→ Assignment
Write back every line of the listing exactly, excluding images.

(Beginning of Dataset extract)

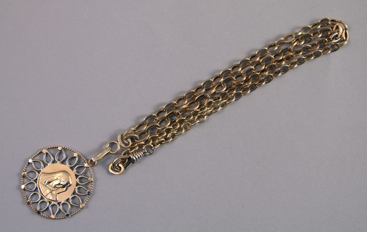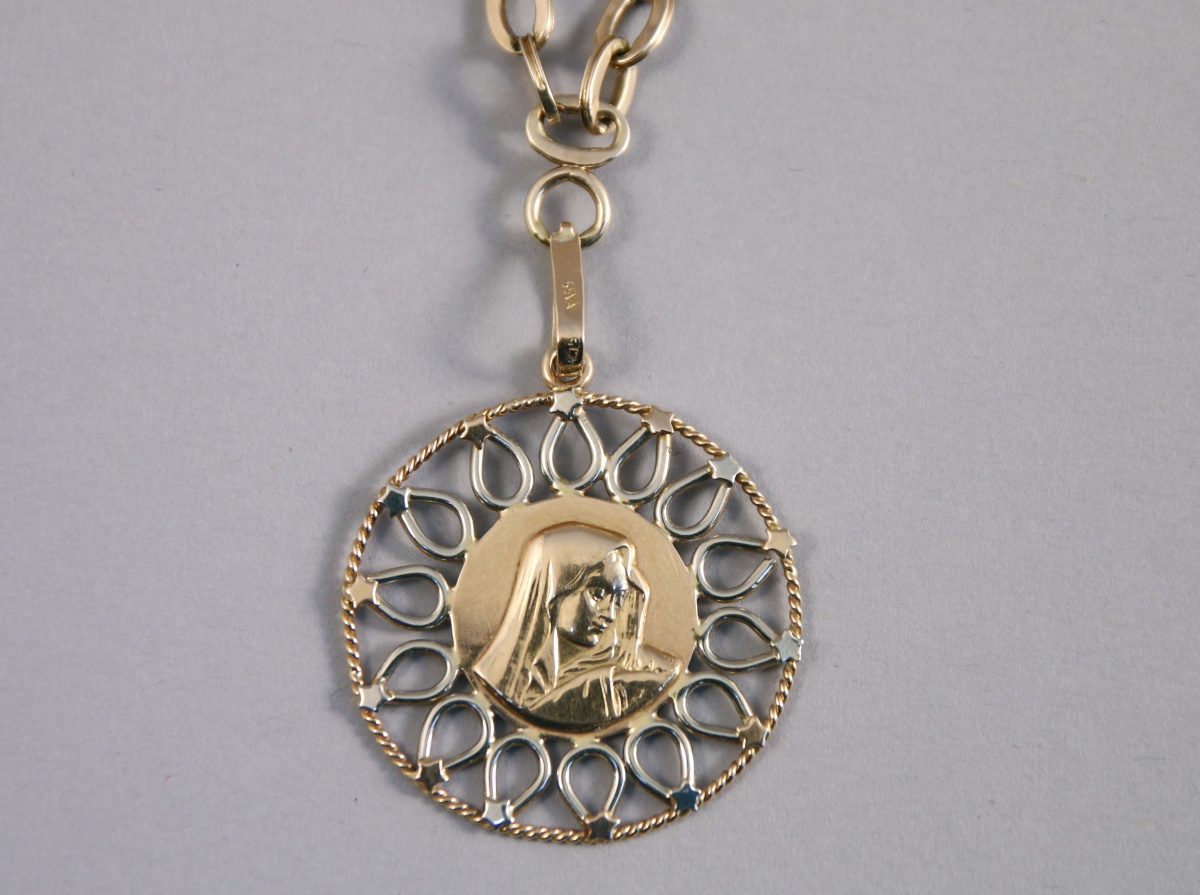 Avec un PENDENTIF centré d'une médaille la sainte Vierge ceinte d'un motif rayonnant étoilé en or jaune et blanc 750 millièmes. Monogrammé superficiellement "TA". Travail étranger. Diam. 3 cm.
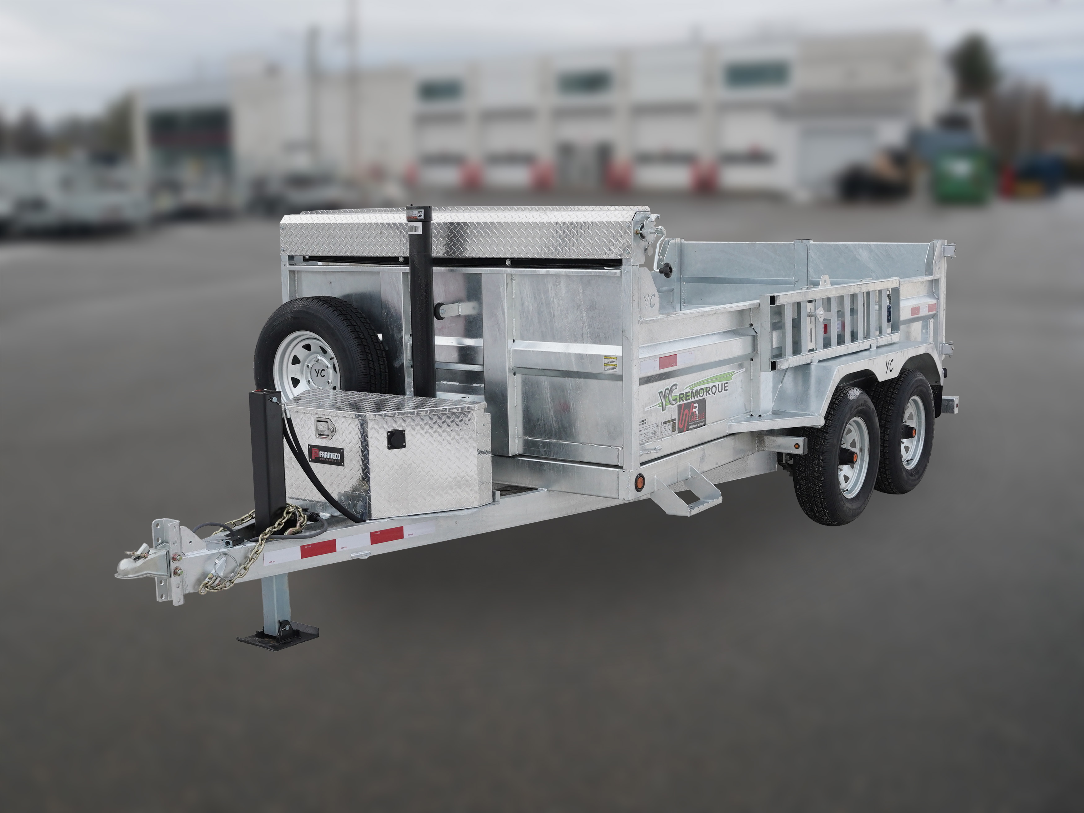 Remorque à benne basculante (dompeur) avec structure en acier galvanisé. La remorque à benne basculante d'Yves Chamberland vous offre un produit sécuritaire, solide et polyvalent. Yves Chamberland construit des remorques de qualité à des prix compétitifs!
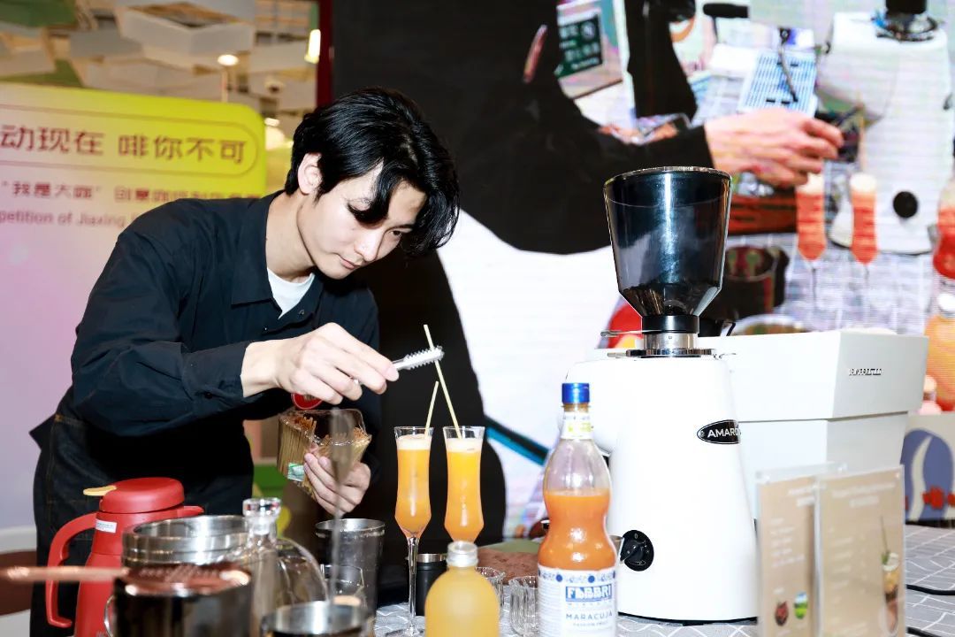 1号选手林志浩率先登场,他从咖啡豆的挑选、研磨,到萃取、融合,再到创意元素的巧妙添加,每一个步骤都展现出专业功底和创意。
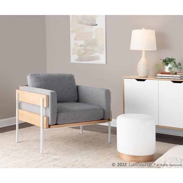 Kari Light Grey Fabric and Natural Wood Arm Chair with White Metal Base

(End of Dataset extract)

→ Your response
 Avec un PENDENTIF centré d'une médaille la sainte Vierge ceinte d'un motif rayonnant étoilé en or jaune et blanc 750 millièmes. Monogrammé superficiellement "TA". Travail étranger. Diam. 3 cm.
 Remorque à benne basculante (dompeur) avec structure en acier galvanisé. La remorque à benne basculante d'Yves Chamberland vous offre un produit sécuritaire, solide et polyvalent. Yves Chamberland construit des remorques de qualité à des prix compétitifs!
 1号选手林志浩率先登场,他从咖啡豆的挑选、研磨,到萃取、融合,再到创意元素的巧妙添加,每一个步骤都展现出专业功底和创意。
 Kari Light Grey Fabric and Natural Wood Arm Chair with White Metal Base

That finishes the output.